[SOURCE DATA Boundary: Start]

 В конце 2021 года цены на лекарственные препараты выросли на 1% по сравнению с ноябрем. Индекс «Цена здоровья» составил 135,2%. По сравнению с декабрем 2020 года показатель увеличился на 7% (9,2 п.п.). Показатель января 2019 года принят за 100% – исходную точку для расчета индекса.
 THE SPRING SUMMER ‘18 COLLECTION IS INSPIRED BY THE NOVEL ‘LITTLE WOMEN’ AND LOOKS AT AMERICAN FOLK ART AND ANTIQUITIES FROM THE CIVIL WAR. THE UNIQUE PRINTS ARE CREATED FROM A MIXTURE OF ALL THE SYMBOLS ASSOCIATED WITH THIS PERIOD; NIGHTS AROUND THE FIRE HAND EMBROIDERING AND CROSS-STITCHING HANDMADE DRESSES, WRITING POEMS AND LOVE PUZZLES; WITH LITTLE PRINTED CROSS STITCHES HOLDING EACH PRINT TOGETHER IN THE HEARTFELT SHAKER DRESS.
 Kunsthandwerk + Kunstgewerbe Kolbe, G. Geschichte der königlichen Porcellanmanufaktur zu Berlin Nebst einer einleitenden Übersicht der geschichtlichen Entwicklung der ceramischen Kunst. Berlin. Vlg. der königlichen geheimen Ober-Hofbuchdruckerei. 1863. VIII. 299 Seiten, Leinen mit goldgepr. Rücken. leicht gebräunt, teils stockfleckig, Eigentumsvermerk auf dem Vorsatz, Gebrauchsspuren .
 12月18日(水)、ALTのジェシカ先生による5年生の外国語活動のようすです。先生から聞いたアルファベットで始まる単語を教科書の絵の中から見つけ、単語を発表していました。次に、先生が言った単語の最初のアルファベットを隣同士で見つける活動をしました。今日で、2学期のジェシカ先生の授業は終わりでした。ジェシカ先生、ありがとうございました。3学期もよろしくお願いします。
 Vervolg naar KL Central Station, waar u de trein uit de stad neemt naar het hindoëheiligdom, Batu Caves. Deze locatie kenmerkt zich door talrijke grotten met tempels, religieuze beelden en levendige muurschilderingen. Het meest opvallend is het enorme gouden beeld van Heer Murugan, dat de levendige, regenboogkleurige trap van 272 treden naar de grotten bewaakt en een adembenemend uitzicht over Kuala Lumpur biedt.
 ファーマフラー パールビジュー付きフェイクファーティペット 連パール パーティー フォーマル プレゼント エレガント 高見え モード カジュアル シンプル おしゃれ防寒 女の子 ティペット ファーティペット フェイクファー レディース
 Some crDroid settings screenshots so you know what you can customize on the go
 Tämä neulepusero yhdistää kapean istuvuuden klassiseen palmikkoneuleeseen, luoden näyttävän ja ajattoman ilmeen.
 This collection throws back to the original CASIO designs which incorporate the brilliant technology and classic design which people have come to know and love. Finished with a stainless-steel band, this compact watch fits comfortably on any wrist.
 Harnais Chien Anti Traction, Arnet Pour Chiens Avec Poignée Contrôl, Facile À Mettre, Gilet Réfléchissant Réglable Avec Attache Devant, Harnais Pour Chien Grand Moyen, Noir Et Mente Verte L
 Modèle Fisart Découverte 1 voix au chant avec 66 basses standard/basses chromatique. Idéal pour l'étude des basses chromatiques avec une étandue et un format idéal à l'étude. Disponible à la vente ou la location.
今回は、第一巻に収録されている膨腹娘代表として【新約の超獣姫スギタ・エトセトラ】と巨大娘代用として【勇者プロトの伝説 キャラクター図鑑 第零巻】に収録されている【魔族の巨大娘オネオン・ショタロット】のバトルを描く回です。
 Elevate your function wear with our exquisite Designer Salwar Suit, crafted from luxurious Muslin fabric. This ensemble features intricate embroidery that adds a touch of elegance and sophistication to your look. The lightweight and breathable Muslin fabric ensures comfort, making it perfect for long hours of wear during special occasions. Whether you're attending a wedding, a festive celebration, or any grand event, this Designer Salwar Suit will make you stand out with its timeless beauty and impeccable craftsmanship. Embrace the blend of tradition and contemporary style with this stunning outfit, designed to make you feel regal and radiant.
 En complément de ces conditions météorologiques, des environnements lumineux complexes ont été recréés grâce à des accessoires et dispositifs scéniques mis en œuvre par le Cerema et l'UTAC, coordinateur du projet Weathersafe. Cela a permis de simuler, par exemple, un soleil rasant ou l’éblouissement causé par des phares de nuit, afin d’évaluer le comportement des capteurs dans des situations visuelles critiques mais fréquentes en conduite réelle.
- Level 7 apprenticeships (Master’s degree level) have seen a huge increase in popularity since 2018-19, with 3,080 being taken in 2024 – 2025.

[SOURCE DATA Boundary: End]

TASK: Among the entries above, find the line with "ファーマフラー パールビジュー付きフェイクファーティペット 連パール" and the line with "Modèle Fisart Découverte"; give again exactly these two lines and all lines between them.

TASK SOLUTION:
 ファーマフラー パールビジュー付きフェイクファーティペット 連パール パーティー フォーマル プレゼント エレガント 高見え モード カジュアル シンプル おしゃれ防寒 女の子 ティペット ファーティペット フェイクファー レディース
 Some crDroid settings screenshots so you know what you can customize on the go
 Tämä neulepusero yhdistää kapean istuvuuden klassiseen palmikkoneuleeseen, luoden näyttävän ja ajattoman ilmeen.
 This collection throws back to the original CASIO designs which incorporate the brilliant technology and classic design which people have come to know and love. Finished with a stainless-steel band, this compact watch fits comfortably on any wrist.
 Harnais Chien Anti Traction, Arnet Pour Chiens Avec Poignée Contrôl, Facile À Mettre, Gilet Réfléchissant Réglable Avec Attache Devant, Harnais Pour Chien Grand Moyen, Noir Et Mente Verte L
 Modèle Fisart Découverte 1 voix au chant avec 66 basses standard/basses chromatique. Idéal pour l'étude des basses chromatiques avec une étandue et un format idéal à l'étude. Disponible à la vente ou la location.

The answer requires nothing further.